We present our implementation of a document search approach which combinates traditional keyword matching method with the ability of PLM to archive contextual understanding.
Our work:
-
Created a novel document search system that fuses traditional keyword matching with contextual understanding for superior retrieval (Multi-stage Document Ranking). Two corpora of 50,000+ Vietnamese news articles were collected via web crawling techniques for demonstration and evaluation purposes.
-
An experiment was conducted to compare the performance of different methods. Our results indicated that the combination of TF-IDF and Vietnamese-SBERT significantly outperformed competing approaches, attaining an
$nDCG@10$ score of 95.82% from our test set. -
Developed a newspaper web search application with Flask and Bootstrap 5.0.
When we use a search engine like Google, we input a query and the system typically finds the best match by comparing keywords in the query to those in documents. Multi-stage document ranking is enhanced by employing a pre-trained language model to convert queries and documents into embedding vectors, subsequently utilizing cosine similarity to identify the most relevant results.
Pipeline of our method:
Given a query and a large corpus of Vietnamese news articles, we initially employ a term-based method (TF-IDF or BM25) to retrieve the top 50 most relevant documents.

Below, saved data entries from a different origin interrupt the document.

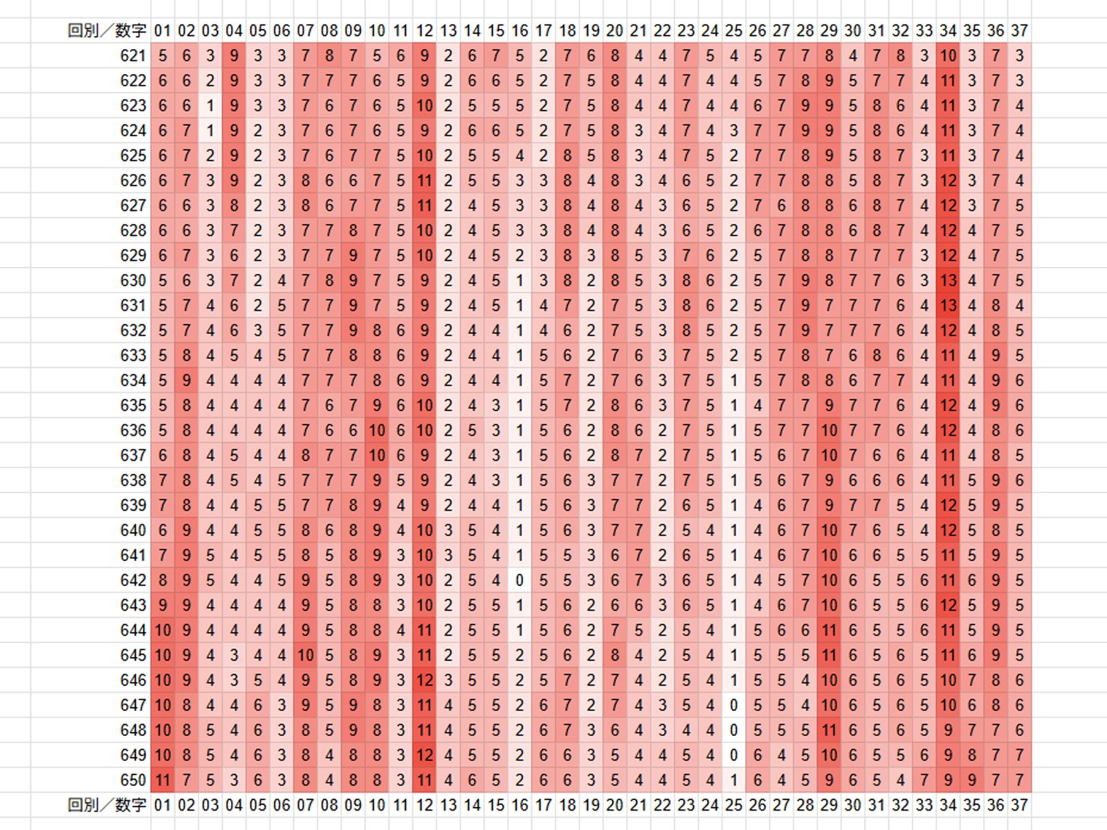 一番下が最新の抽せん結果で、色が濃い赤ほど、当せん数字に多く選ばれている数字です。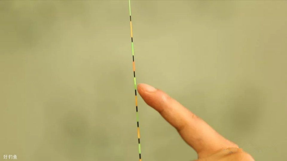 第四步:确保浮标半水带双饵调成一目后,缓慢上移浮标,到浮标露出一目,或一目半,或二目,都可以,这个根据个人的看标习惯,这时候水底双钩的状态基本就是一钩带饵轻触底,一钩带饵到底躺倒的状态。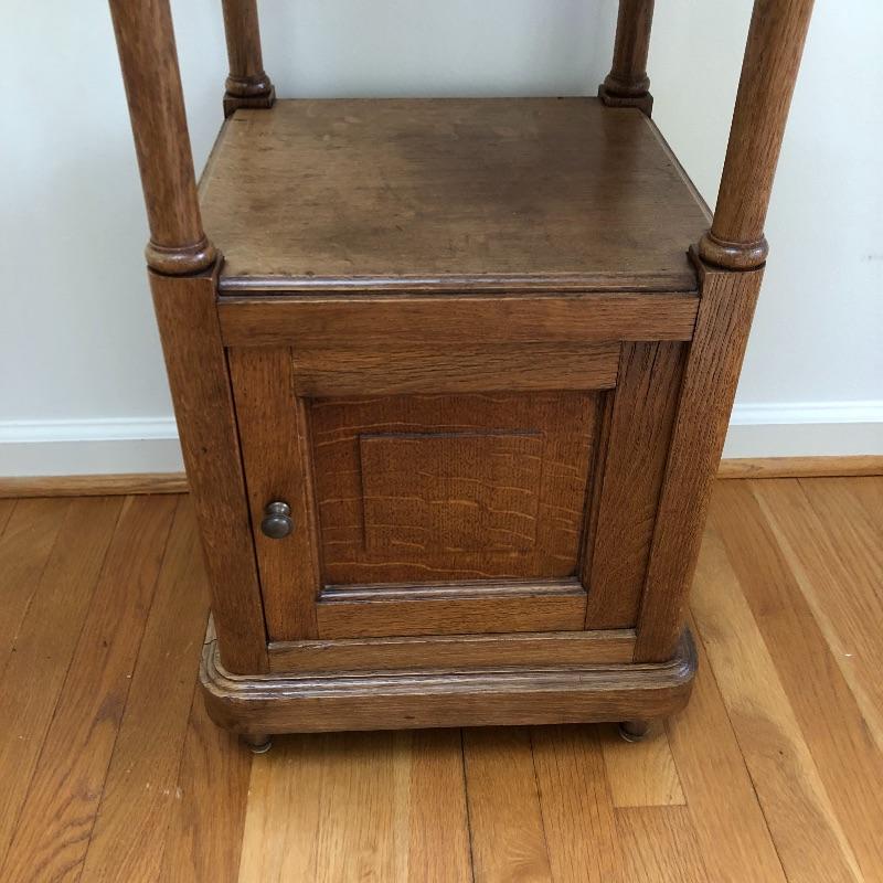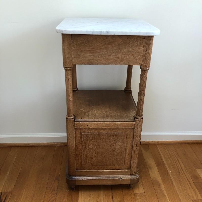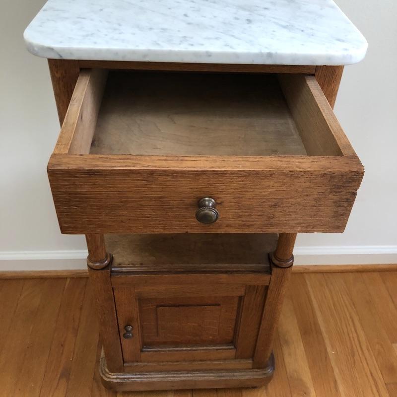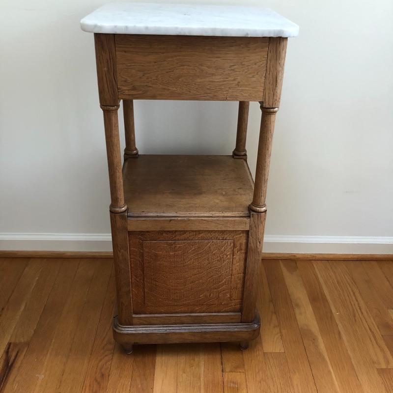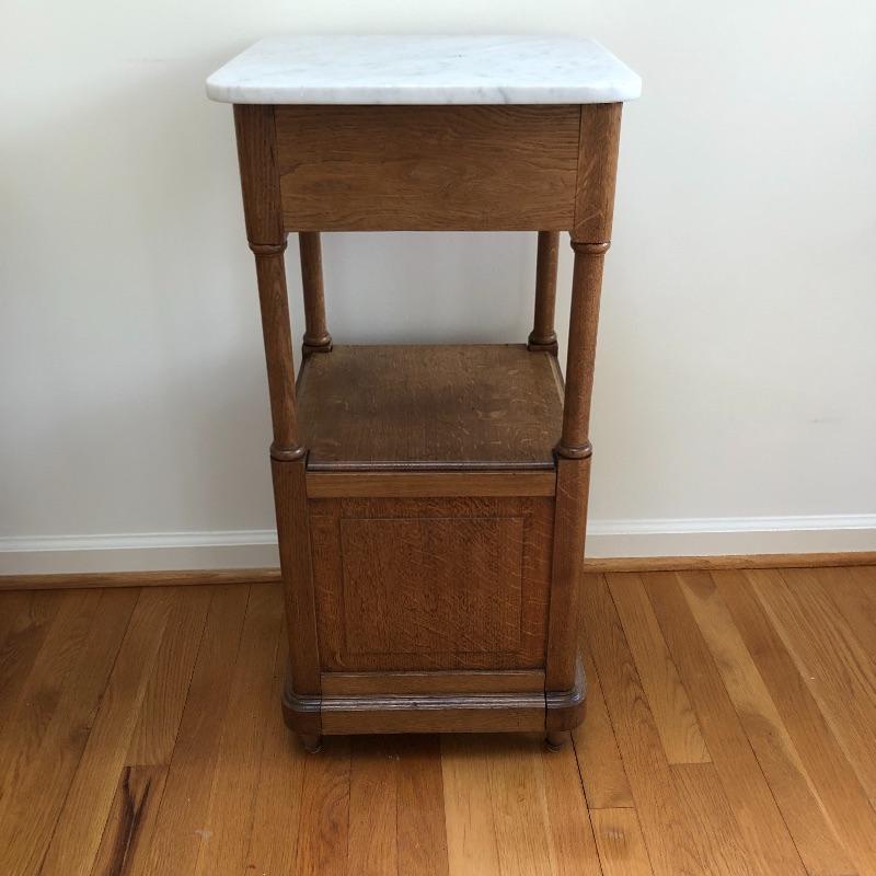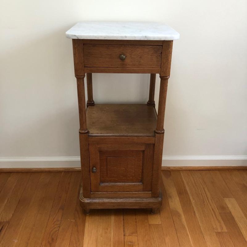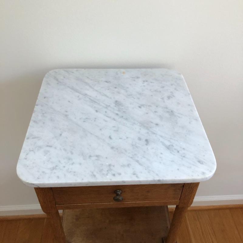 This stunning marble topped side table will look great in your home. This table has a marble top with a dovetailed drawer and a shelf and cabinet underneath. This table is in great shape with some nicks and some splitting on the sides, see pictures. Table measures 15.25” x 15.25” x 32.25”.

Subsequently, these documents are re-ranked using a pre-trained language model (PhoBERT, Vietnamese-SBERT).
An example of an e-newspaper's structure is shown below.
As illustrated, each e-newspaper typically contains seven key attributes: title, abstract, source, link, topic, posting time, and image link (the URL of the main image).
Approximately 50,000 news articles were extracted from five Vietnamese news sources (Lao Động, Dân Trí, VnExpress, VTC, and Đảng Cộng Sản) using BeautifulSoup. 49542 articles would be used for demonstration purposes (data) and 352 articles for evaluation using .\Ronaldo.xlsx
.
For each news article in the corpus, the corresponding text data is a combination of the title and abstract. This data then undergoes four preprocessing steps:
-
Lowercasing: Convert all letters to lowercase (Di sản → di sản)
-
Word segmentation: Separate compound words into individual tokens (di sản → di_sản)
-
Stopword removal: Eliminate common, non-informative words (e.g., "the," "a," "an")
-
Special character removal: Replace or remove special characters (tp.hcm → tphcm)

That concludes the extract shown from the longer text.